Napoleon became a minor-league manager for the Pirates' organization in 1970, helming their Rookie-level Gulf Coast League affiliate for four years. He then spent nine consecutive seasons in the New York Yankees' minor-league system, as a coach for West Haven of the Double-A Eastern League (1974–1975, 1979), Tacoma of the Triple-A Pacific Coast League (1978), and Nashville of the Double-A Southern League (1980–1982); in between, Napoleon managed Oneonta of the short-season New York–Penn League (1976) and Fort Lauderdale of the Class-A Florida State League (1977).
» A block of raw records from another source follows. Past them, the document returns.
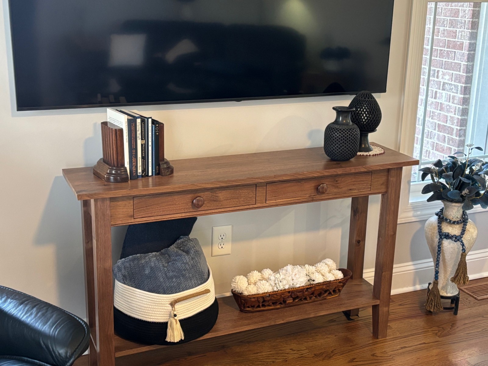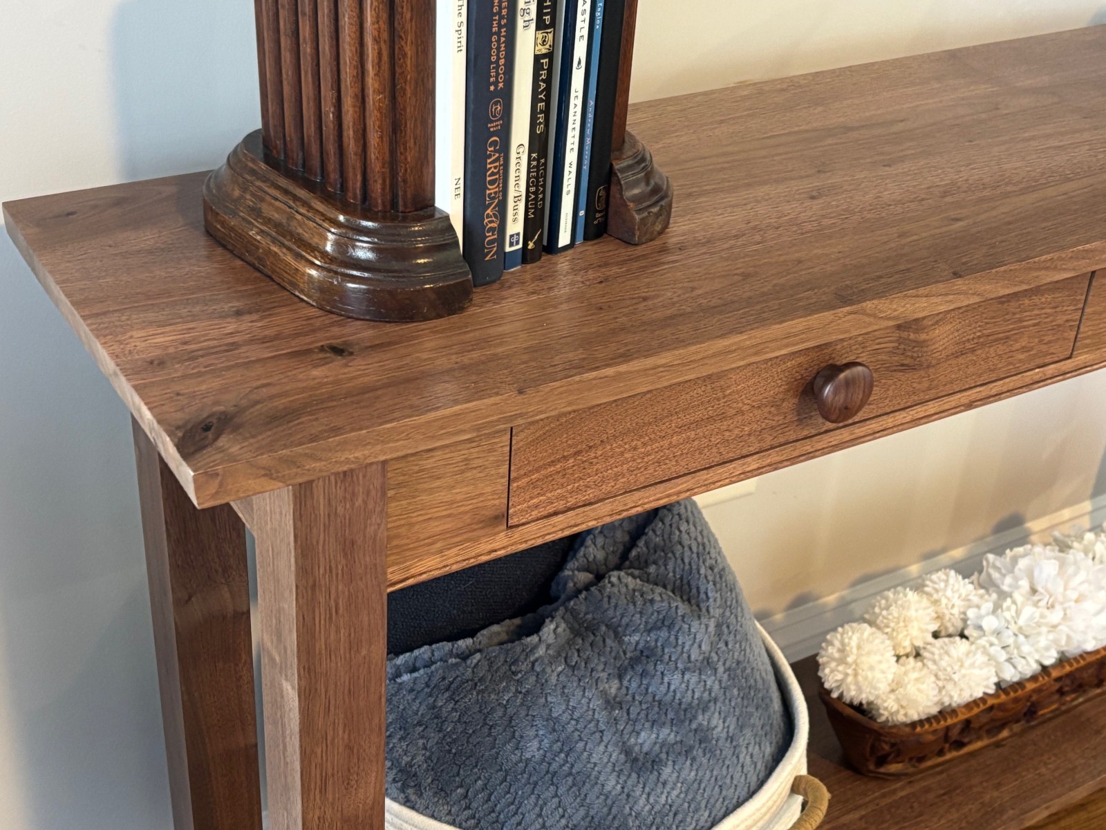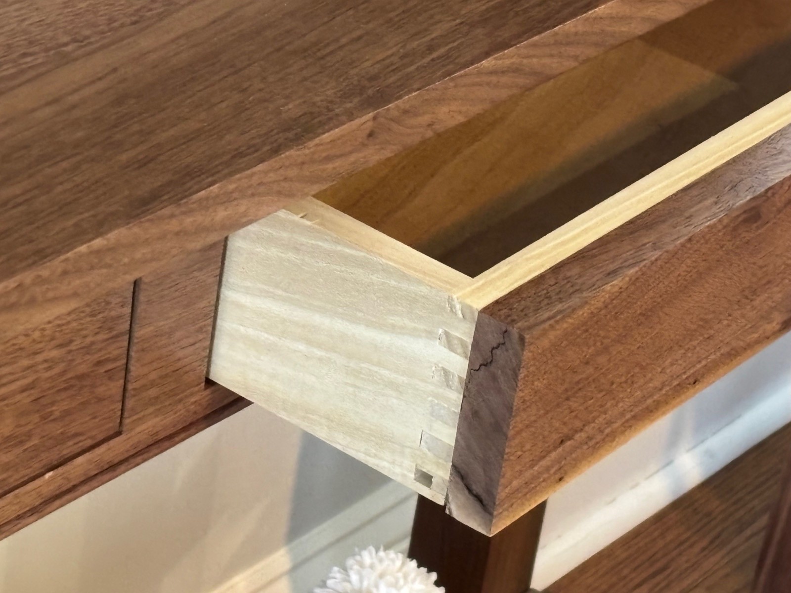Rick Dickson showed a walnut console table he made from a tree harvested on his property. He finished it with water-base poly. He also showed a cherry keepsake box “prototype” he made. He experienced warping after bringing it into his home after completing it in his unheated shop. Environmental conditions can make wood move with the changes in humidity and temperature. (Pic8. Pic9, Pic10) (Pic1. Pic2, Pic3)
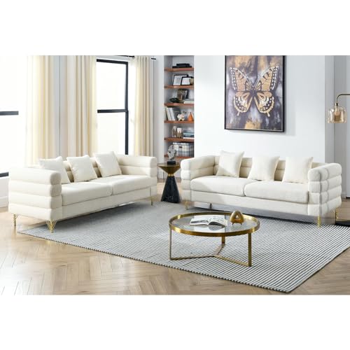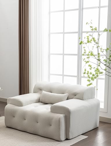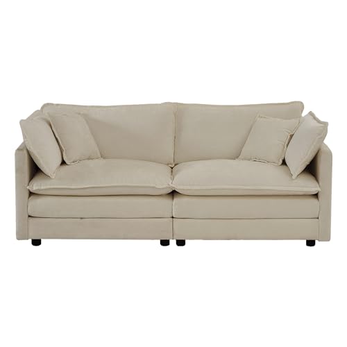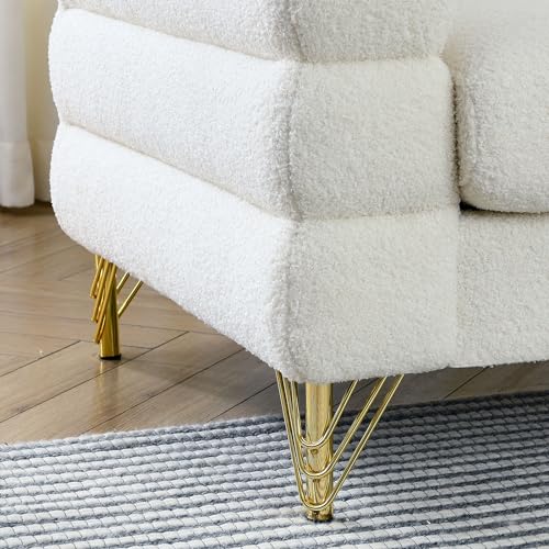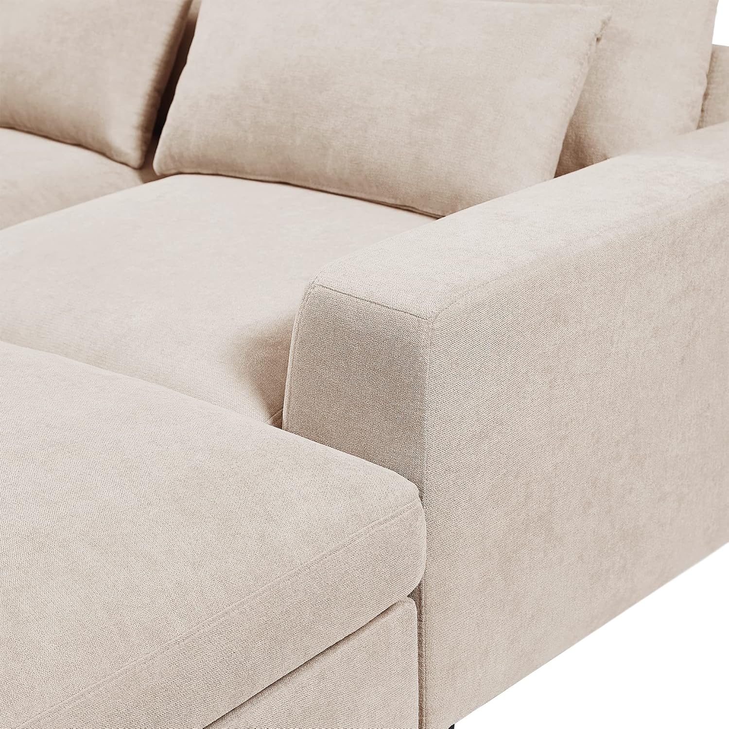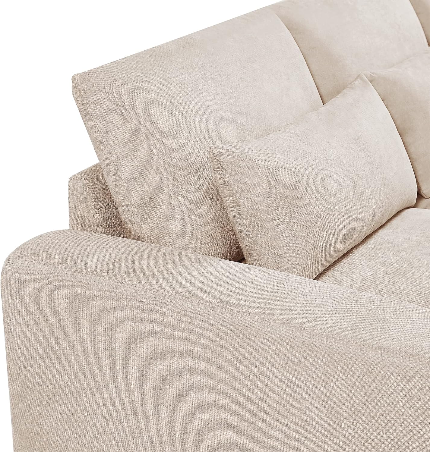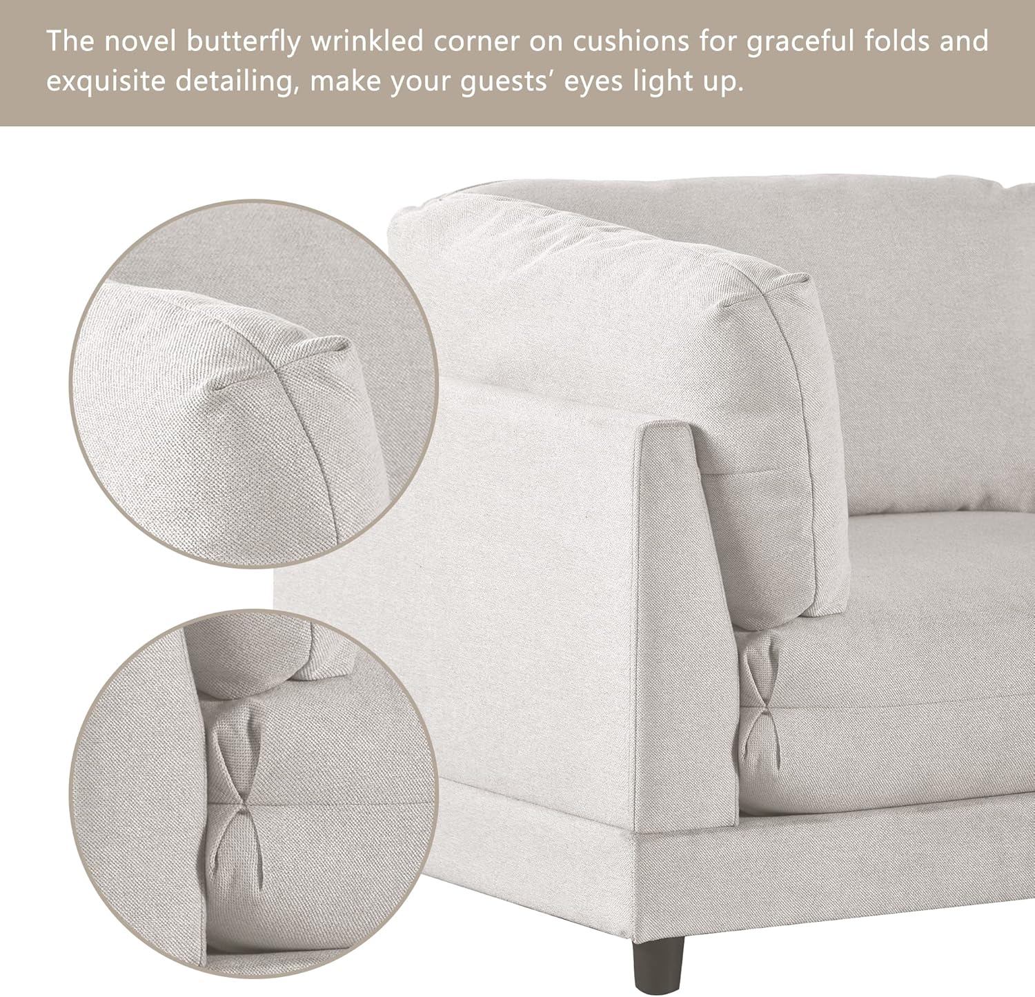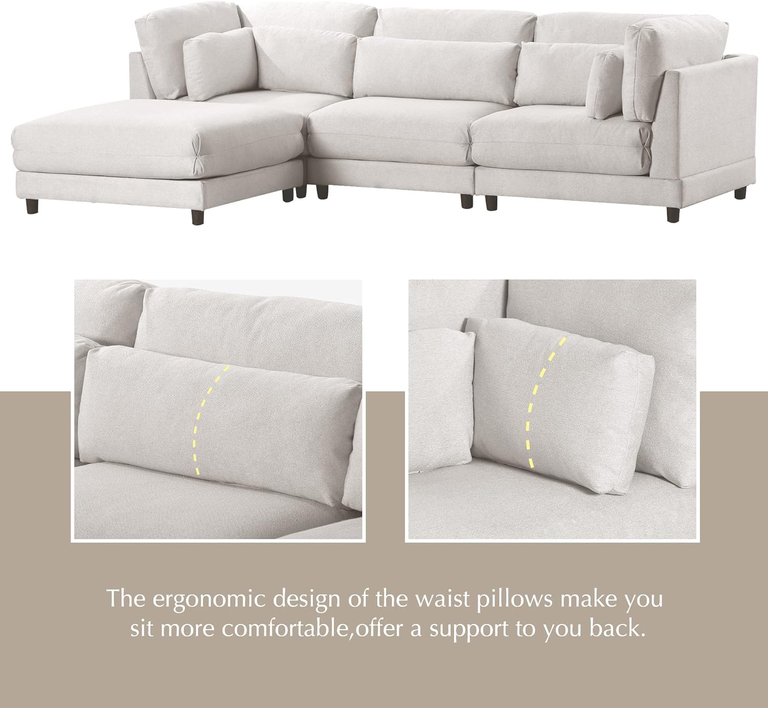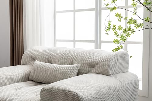 81'' Oversized 3 Seater Sectional Sofa, Living Room Comfort Fabric Sectional Sofa - Deep Seating Sectional Sofa, Soft Sitting with 3 Pillows for Living Room,Bedroom,White Teddy
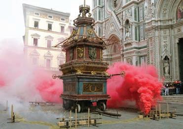 Cart’. On the morning of Easter Sunday, two oxen pull a three-storey high wagon through the streets to the front of the cathedral, accompanied by drummers, flag throwers and people in historical costumes. The cart is then filled with fireworks. During Easter mass the Archbishop of Florence lights a fuse that sends a dove-shaped rocket down a wire to the cart, setting off a brilliant display of fireworks.
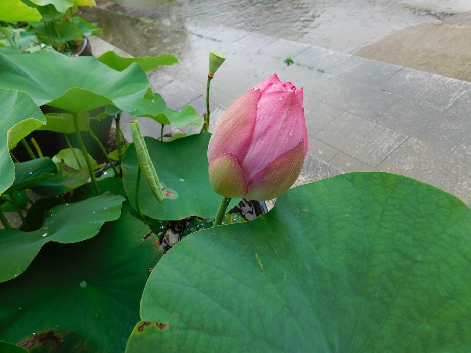 雨の後、水たまりがきれいなハス。
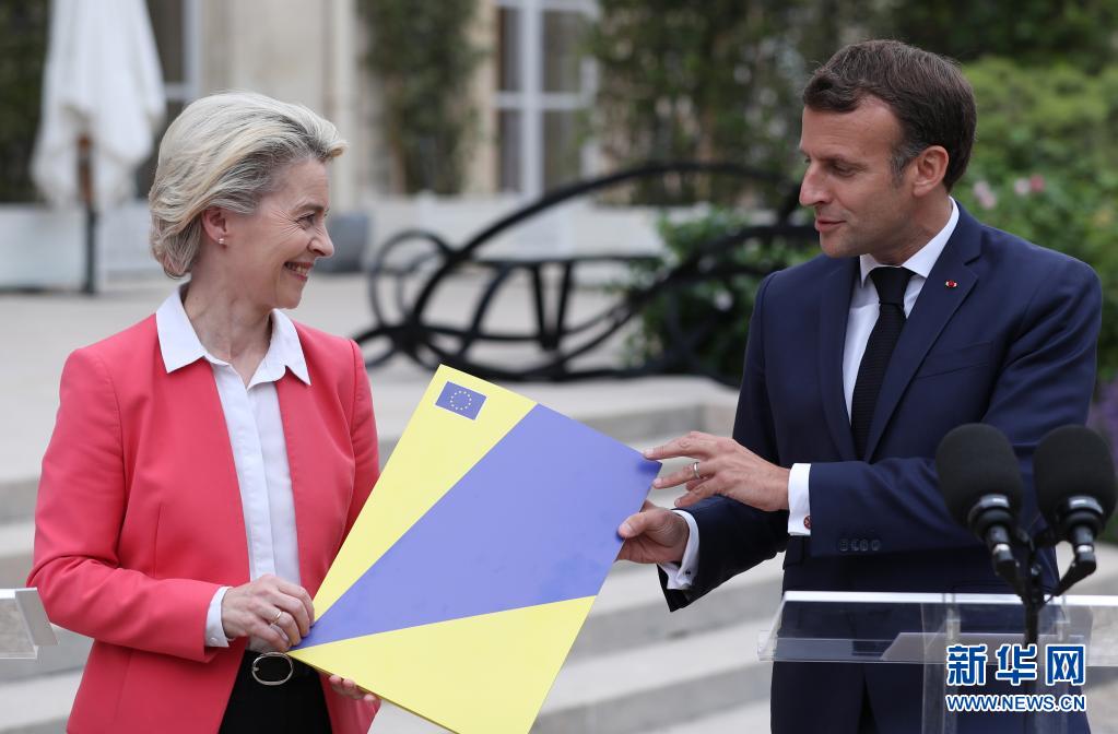6月23日,法國總統(tǒng)馬克龍(右)與歐盟委員會主席馮德萊恩在巴黎總統(tǒng)府愛麗舍宮出席新聞發(fā)布會。
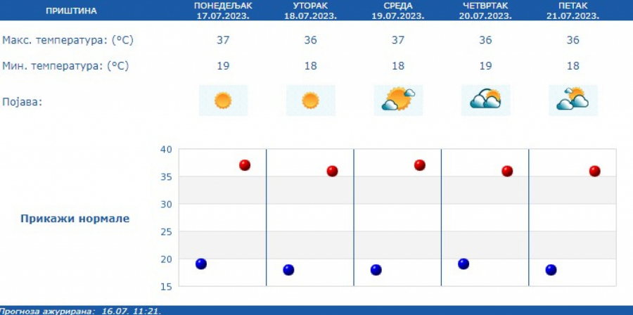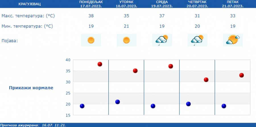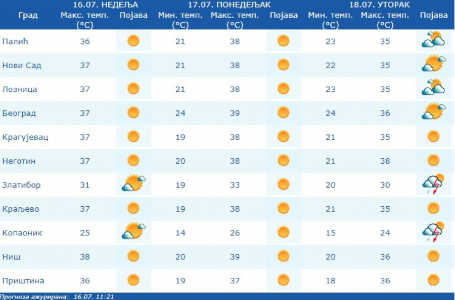 U Srbiji u utorak i sredu veoma toplo i u većini mesta pretežno sunčano. Uz lokalni razvoj oblačnosti u utorak je u brdsko-planinskim predelima moguć kratkotrajni pljusak s grmljavinom.
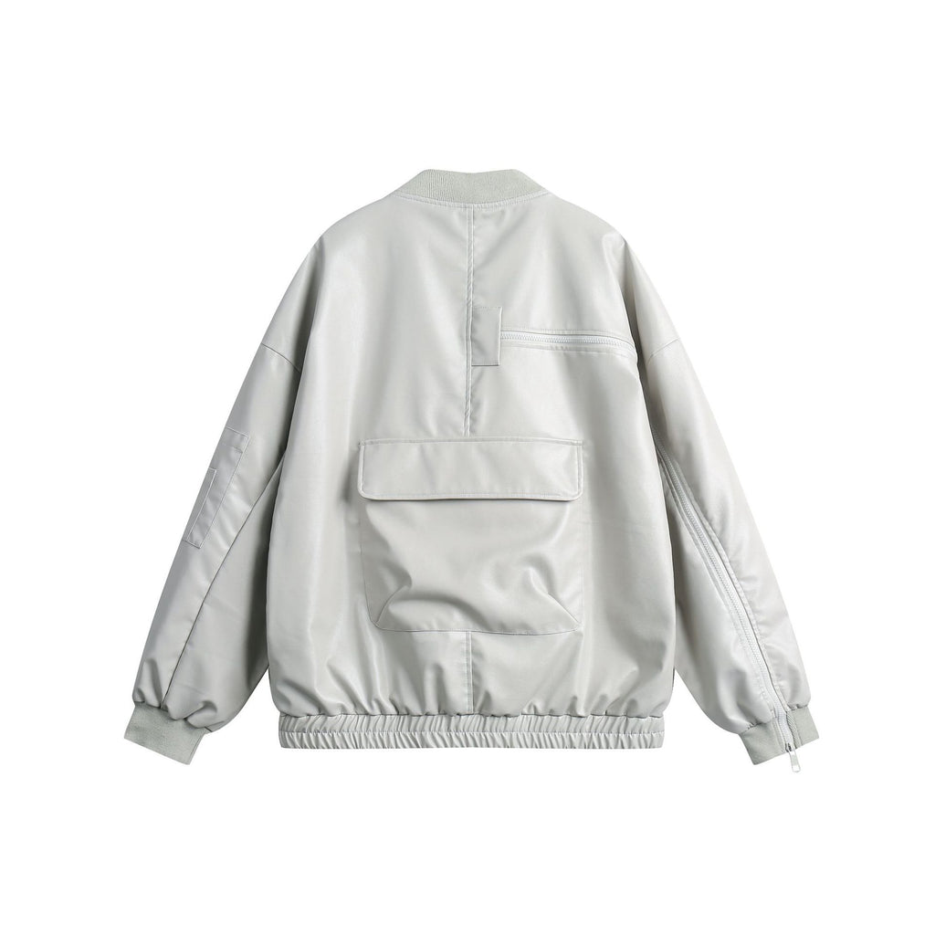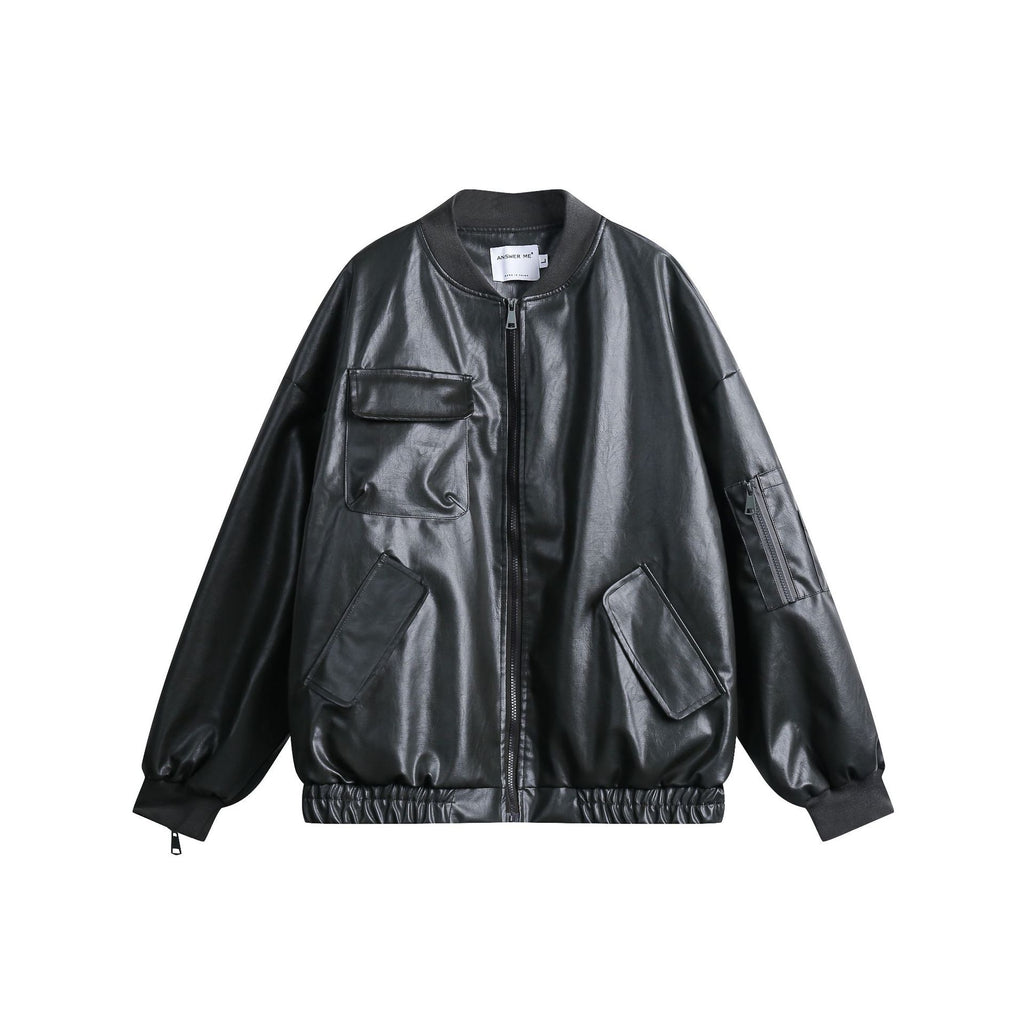 Unisex Jacket Autumn Large Pocket Zipper Leather Jacket Women's Clothing

Napoleon reached the major leagues as a coach for the Cleveland Indians from 1983–1985, then managed Eugene of the Northwest League, short-season Class-A affiliate of the Kansas City Royals, in 1986. He returned to coach in the majors with the Royals from 1987–1988 and the Houston Astros in 1989–1990. He managed the Rookie-level Gulf Coast Orioles in 1991, then returned to MLB as a coach with the New York Yankees in 1992–1993 and the Texas Rangers from 1995–2000. He was retired from 2001–2003 before returning in 2004 as a special minor-league instructor with the Cincinnati Reds, serving until 2007.